“Recent advances in cloud computing may be allowing geostatistics to crunch more data, faster, but its merging with machine learning techniques that will continue to be the most exciting development in the next decade. This opens an entirely new landscape for applications in the mining sector.
In simplified terms, geostatistics are a set of model-driven algorithms, and machine learning can be seen as a data-driven approach. Combining them to get the best of both worlds is the holy grail of geological modelling. This is what we are doing at DataCloud, especially when a client asks us to integrate massive datasets and visualise their orebody in new ways to gain new insights.
A mine site is full of orebody knowledge, evolution of rock, geochemistry, mineralogy, hyperspectral, geometallurgy and more. All this data collected is challenging to incorporate into a consistent spatial model: geostatistics can struggle with large amounts of disparate data types. On the other hand, it can be difficult to incorporate spatial constraints in machine learning models. Now they can support each other: model-driven geological features incorporated into machine learning frameworks that explicitly consider spatial correlation as well as uncertainty.
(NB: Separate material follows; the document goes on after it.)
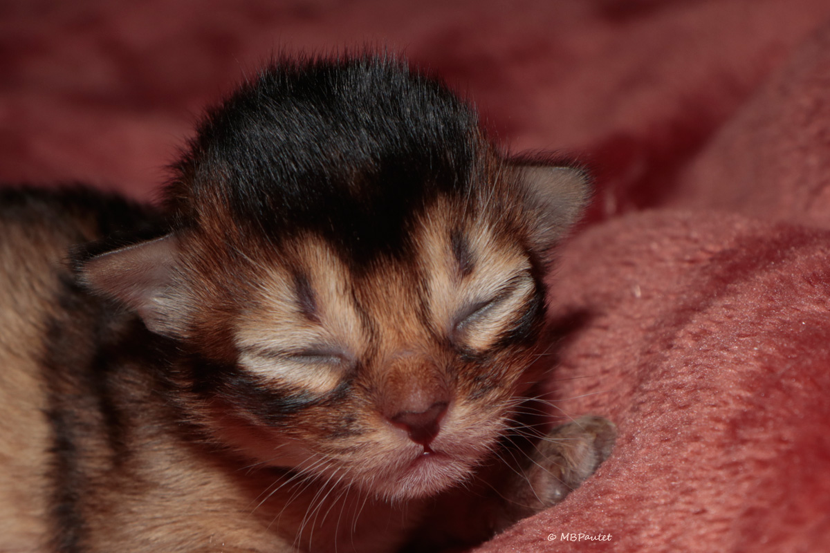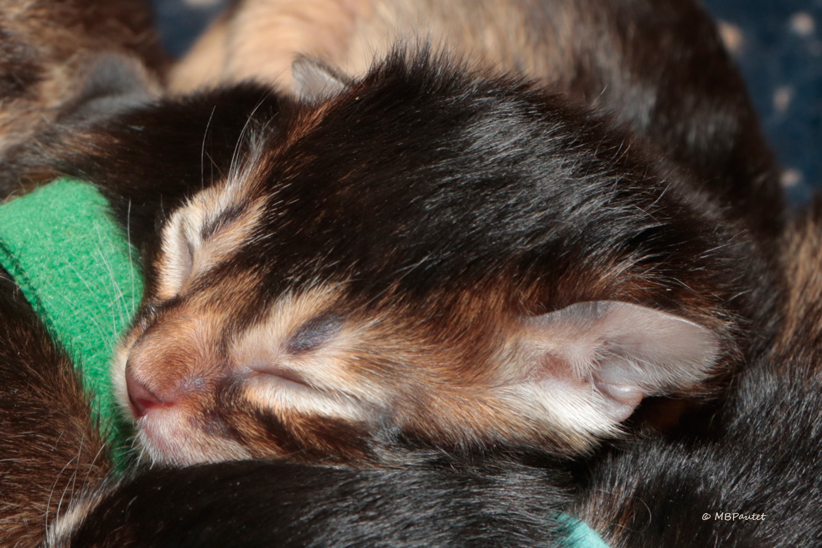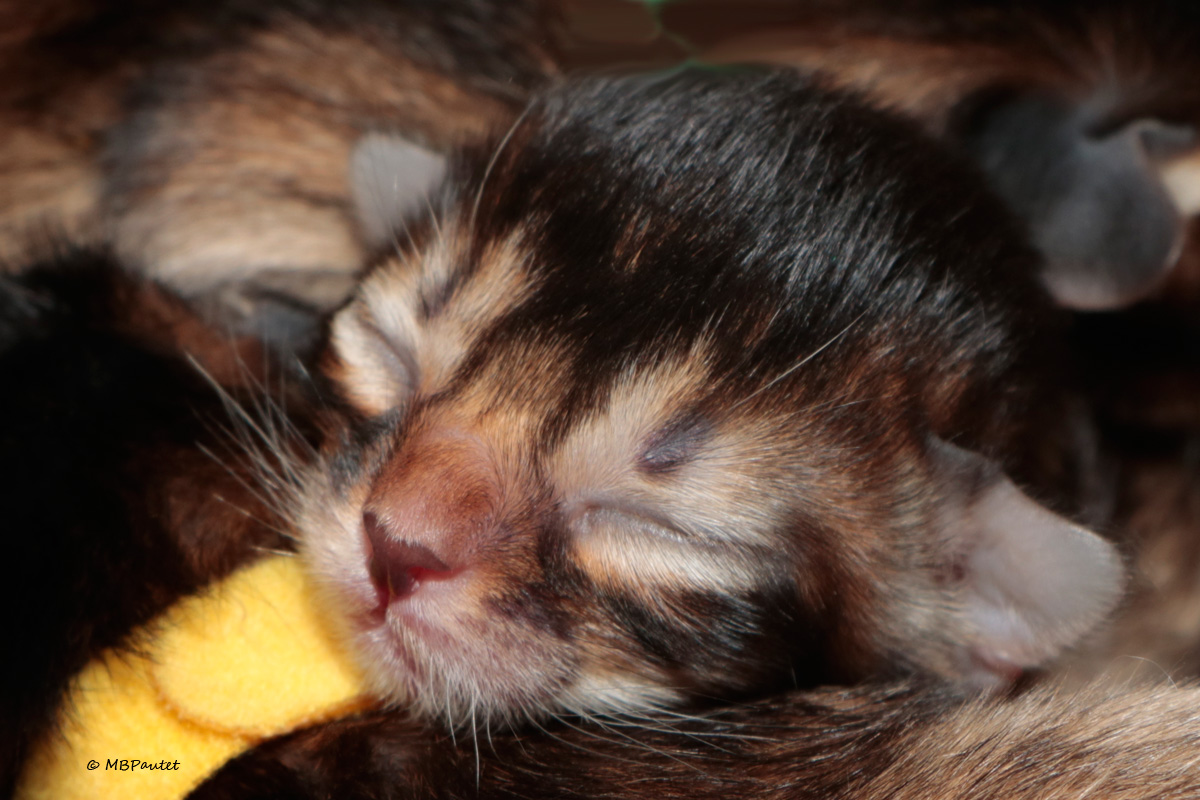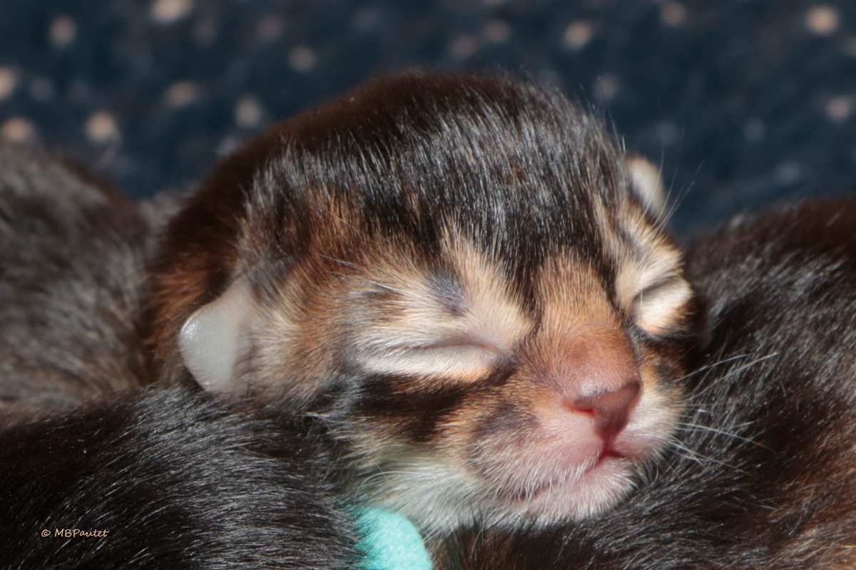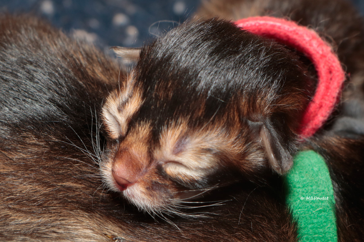 Les chatons grandissent bien, R'Maïnie est très attentionnée. Voici leurs portraits individuels à 5 jours :

There is no silver bullet here. Geostatistics and machine learning are powerful tools on their own, but building a framework that takes advantage of the strength of both approaches is the best way forward to invent powerful new algorithms and workflows.”
https://www.engineerlive.com/content/how-can-drill-blast-operations-make-mining-more-sustainable
Comments
I've got no idea about machine learning or geostatistics (yet), but I've had the chance to delve a little deeper into data territory in optimization project. Most of the more recent papers I've read along the way have not changed a lot in their approach. I look forward to the new insights that will evolve as these technologies and their combination become more mainstream in the coming years. Fascinating stuff which I'd certainly love to see in action.